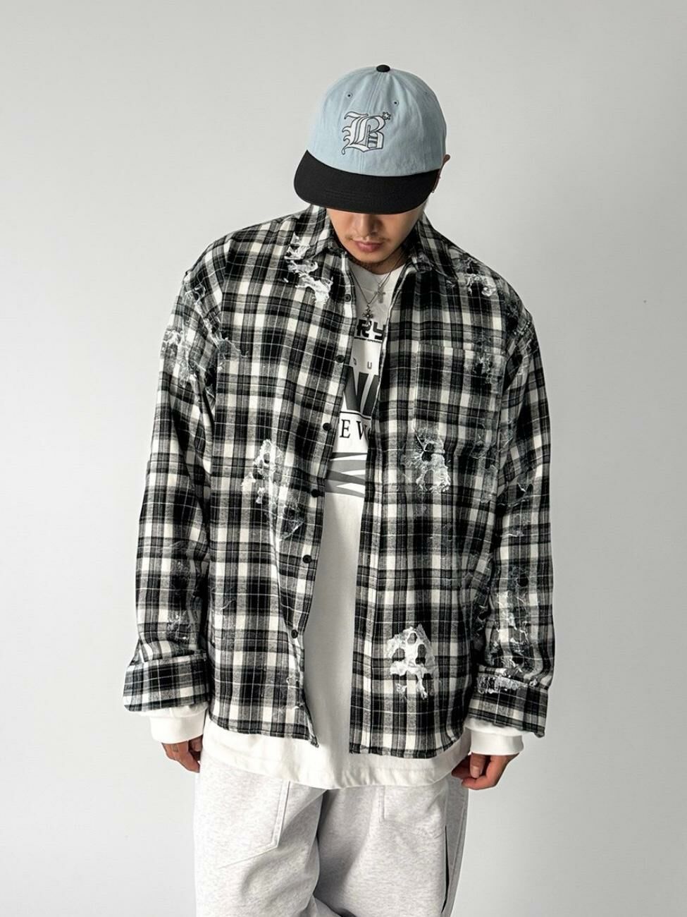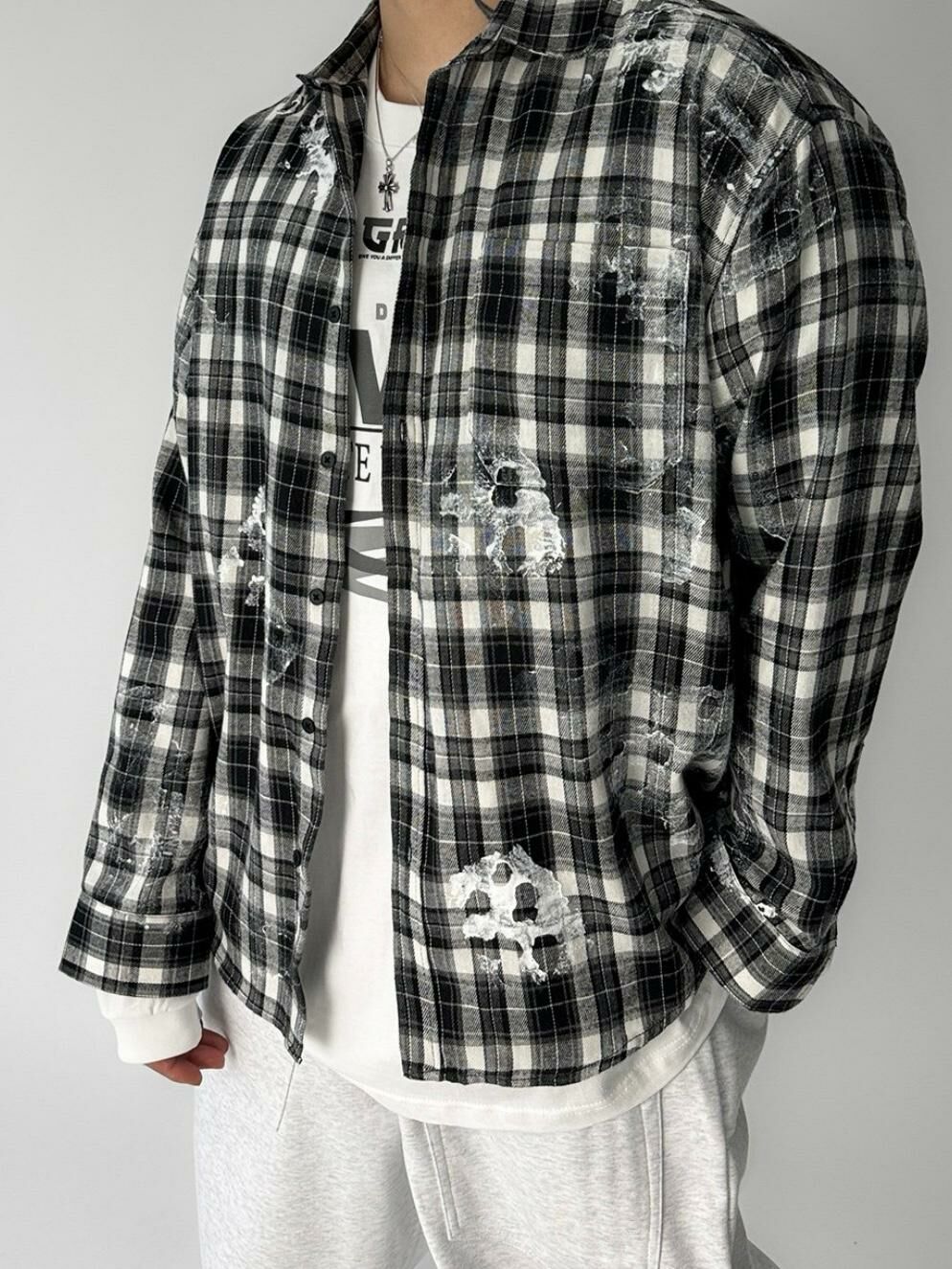 圖案格仔長袖恤衫 LEGIT-S018
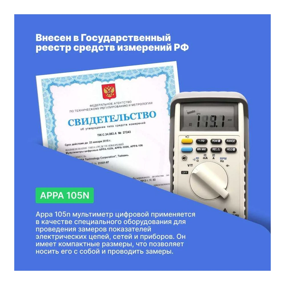 Купить Мультиметр APPA 105N по лучшей цене с доставкой - интернет магазин №1 в России
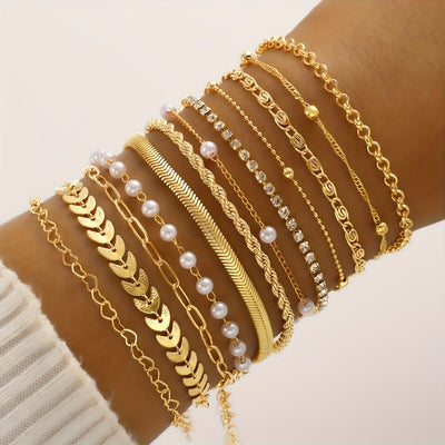 11pcs/12pcs Creative Minimalist Heart Twist Chain Bracelet Set, Stainless Steel with Artificial Crystal Accents, Versatile for Daily Wear & Parties, Valentine'S Day Gift, All-Season Accessory, Party Accessories|Minimalist Bra
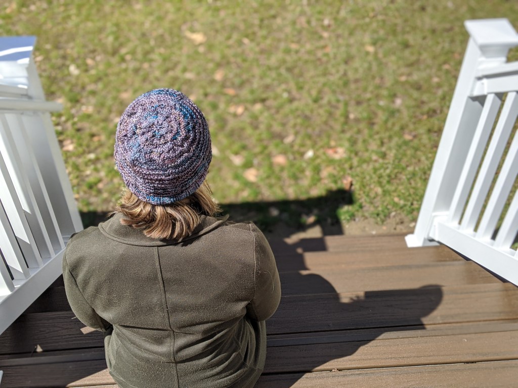 I have no knitting mistakes or crazy stories to mention about it. I cast it on, followed the pattern and it was done in a breeze. The color is darker than it appears in my outdoor photos. The colors speckled in there do pop though. I love the teal and the gold that move around the hat.
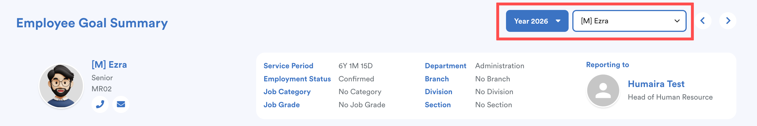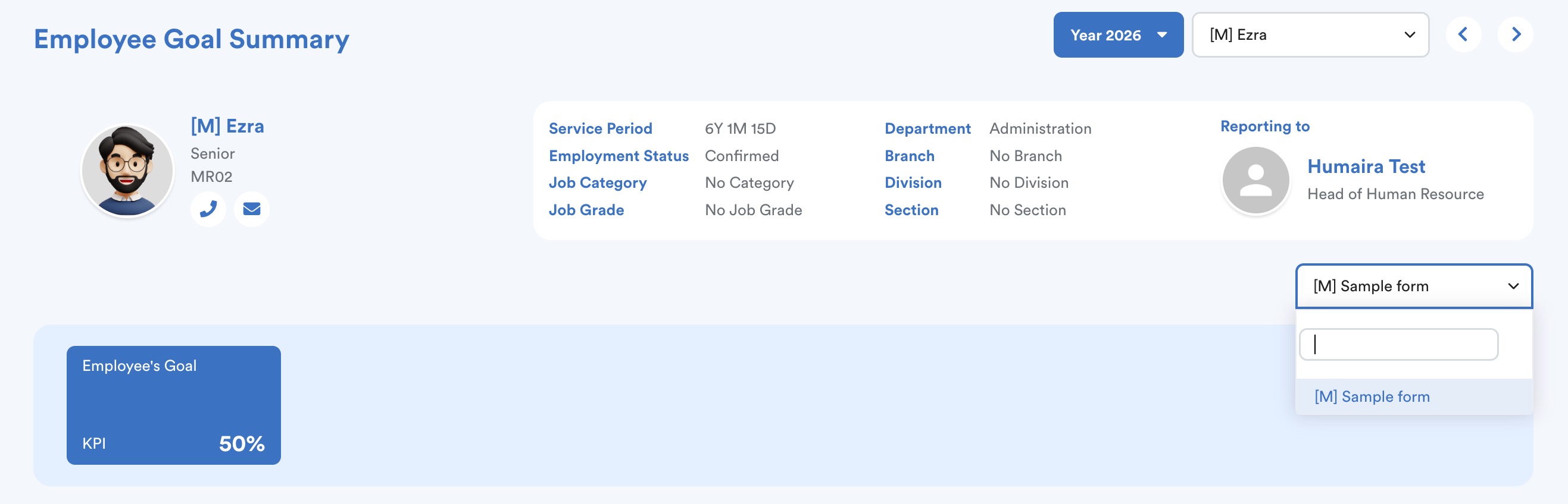 Select the relevant Appraisal Period (Year) and the Employee name. The system will display the employee’s basic employment information.

====

Exercise: Repeat the material line for line. Pictures stay out of the copy.

Task output:
 圖案格仔長袖恤衫 LEGIT-S018
 Купить Мультиметр APPA 105N по лучшей цене с доставкой - интернет магазин №1 в России
 11pcs/12pcs Creative Minimalist Heart Twist Chain Bracelet Set, Stainless Steel with Artificial Crystal Accents, Versatile for Daily Wear & Parties, Valentine'S Day Gift, All-Season Accessory, Party Accessories|Minimalist Bra
 I have no knitting mistakes or crazy stories to mention about it. I cast it on, followed the pattern and it was done in a breeze. The color is darker than it appears in my outdoor photos. The colors speckled in there do pop though. I love the teal and the gold that move around the hat.
 Select the relevant Appraisal Period (Year) and the Employee name. The system will display the employee’s basic employment information.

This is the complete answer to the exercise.